Auch der Limburger Bischof Franz-Peter Tebart van Elst ging auf den Konflikt zwischen der ewigen Wahrheit der Kirche und den relativistischen Strömungen der Gegenwart ein. Auf den Slogan „Kirche ist uncool!“ erwiderte er: „Religion ist nie cool, weil ein kaltes Herz nicht glauben kann.“ Dabei warnte er vor einem falschen Kniefall vor dem Zeitgeist: „Es kommt nicht darauf an, dass wir Christus uns anpassen, sondern dass wir uns Ihm anpassen.“ „Man muss Gott mehr gehorchen als den Menschen“, forderte auch der Vikar Patrick Lier, während Pfr. Wolfgang Heinrich Marx resümierte, es sei immer schwieriger, gläubige Existenz in einer kirchenfernen Gesellschaft zu leben – umso mehr aber sei das individuelle Zeugnis für den Glauben gefragt.

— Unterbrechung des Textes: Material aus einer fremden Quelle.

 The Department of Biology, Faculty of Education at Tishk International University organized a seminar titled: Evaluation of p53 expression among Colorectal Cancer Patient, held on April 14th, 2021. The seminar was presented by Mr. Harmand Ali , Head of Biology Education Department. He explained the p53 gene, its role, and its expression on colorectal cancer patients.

Mediale Angriffe richten sich zunehmend auch auf die Grundzelle des Zusammenlebens, nämlich auf Ehe und Familie. Umso dringender sei es, positiv herauszustellen, warum die katholische Eheauffassung plausibel ist, mahnte Prof. Dr. Manfred Spieker an. Was wir auf das Podium bringen seien sicher „anstößige Wahrheiten – in einer säkularisierten, relativistischen Gesellschaft“, erklärte Dr. Andreas Püttmann, aber „die Kirche kennt den Menschen – sie verkündet keine Utopien“, wie Prof. Dr. Jörg Splett glaubwürdig versicherte.

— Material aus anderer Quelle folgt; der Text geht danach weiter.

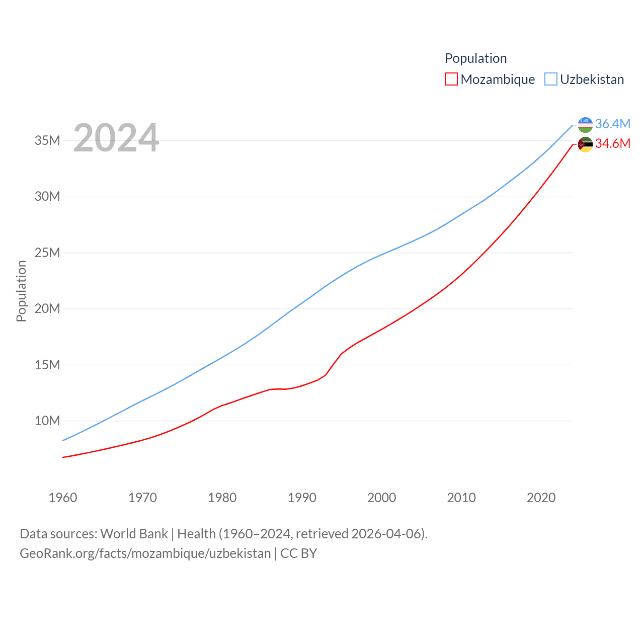 Mozambique has a population of 34.6M (ranked 46/197), compared with 36.4M in Uzbekistan (ranked 43/197). Mozambique's land area is 303,623 sq mi versus 170,136 sq mi for Uzbekistan (ranked 34th vs. 56th).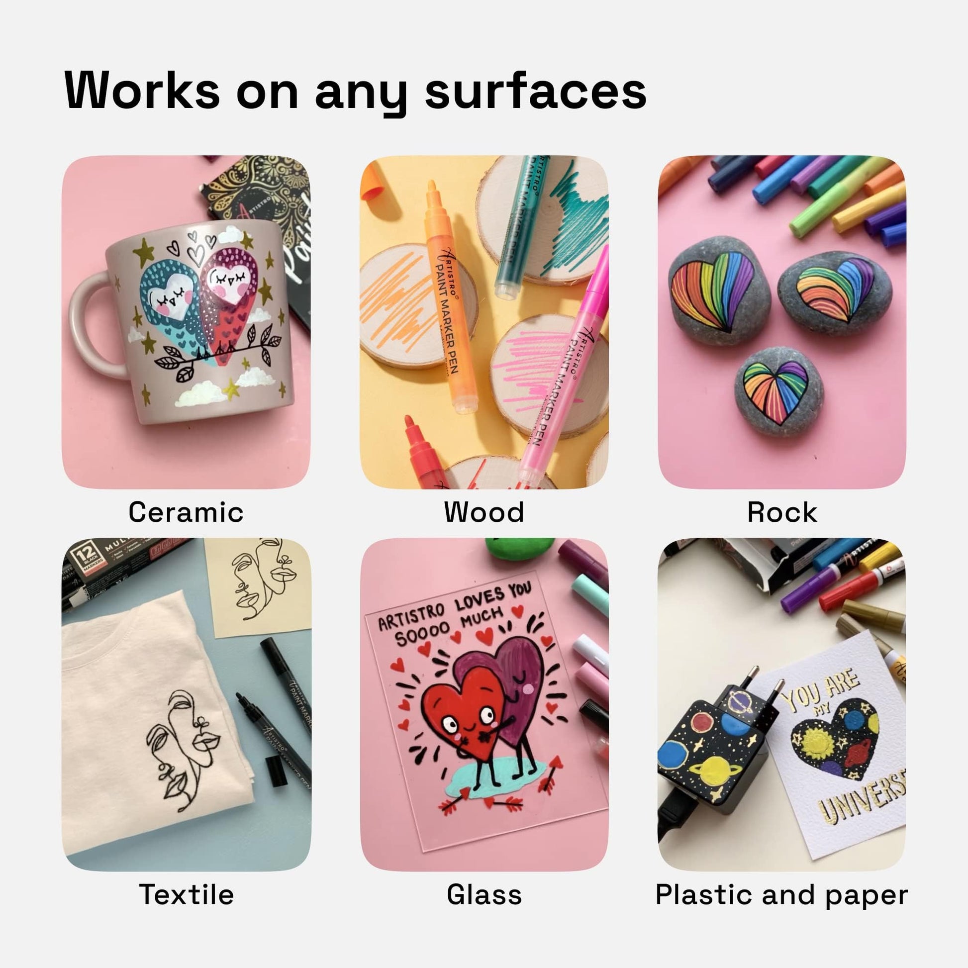 - Safe, Non-Toxic & Odor-Free, Artistro Acrylic markers paint pens pass all USA and EU safety requirements. Create art projects on almost any surface with acrylic paint pens for rock painting, stone, ceramic, glass, wood, fabric, canvas, mug, plastic, textiles, metal and more.

Wieder ganz besonderen Zuspruch fand die Soziologin und Bestsellerautorin Gabriele Kuby mit ihrem leidenschaftlichen Plädoyer für die Keuschheit. Nur auf den ersten Blick sei diese Kardinaltugend „katholische Altlast“, ein Wort, das weder in Pfarreien noch in Schulen gerne in den Mund genommen wird. Doch bei genauerer Betrachtung wird sie sogar zum „christlichen Erkennungszeichen“ per se. Denn Keuschheit steht gleich für eine ganze Reihe von Tugenden, für Treue, Selbstbeherrschung, Disziplin und Respekt vor der göttlichen Schöpfungsordnung, die Mann und Frau für die Ehe bestimmt hat, eben jene „gottgewollte Lebensform, aus der die Kinder entstammen“. Wer dagegen reine Geschlechtlichkeit suche, der benutze den Partner bloß zur Triebbefriedigung und erniedrige ihn dadurch zum Objekt, ohne eine echte Beziehung aufzubauen. Stattdessen plädierte Kuby für den „Blick der Liebe“ auf den Partner, für das Aufheben und Aufbewahren, für Beziehungen, die von Respekt und Verantwortungsgefühl geprägt sind. Und sie fand sogar eine hübsche Definition für den Zölibat: Der nämlich sei die höchste Form des Verliebtseins in Christus und der unbedingten Treue zum Herrn.

Der dreitägige Kongress wurde durch ein umfangreiches Jugendprogramm, vor allem aber durch ein reiches geistliches Angebot abgerundet, vom „Nightfever“-Gebetsabend der Jugend bis zur Lichterprozession und Marienweihe vor dem Fuldaer Dom. Er endet mit einem festlichen Pontifikalhochamt am heutigen Sonntag.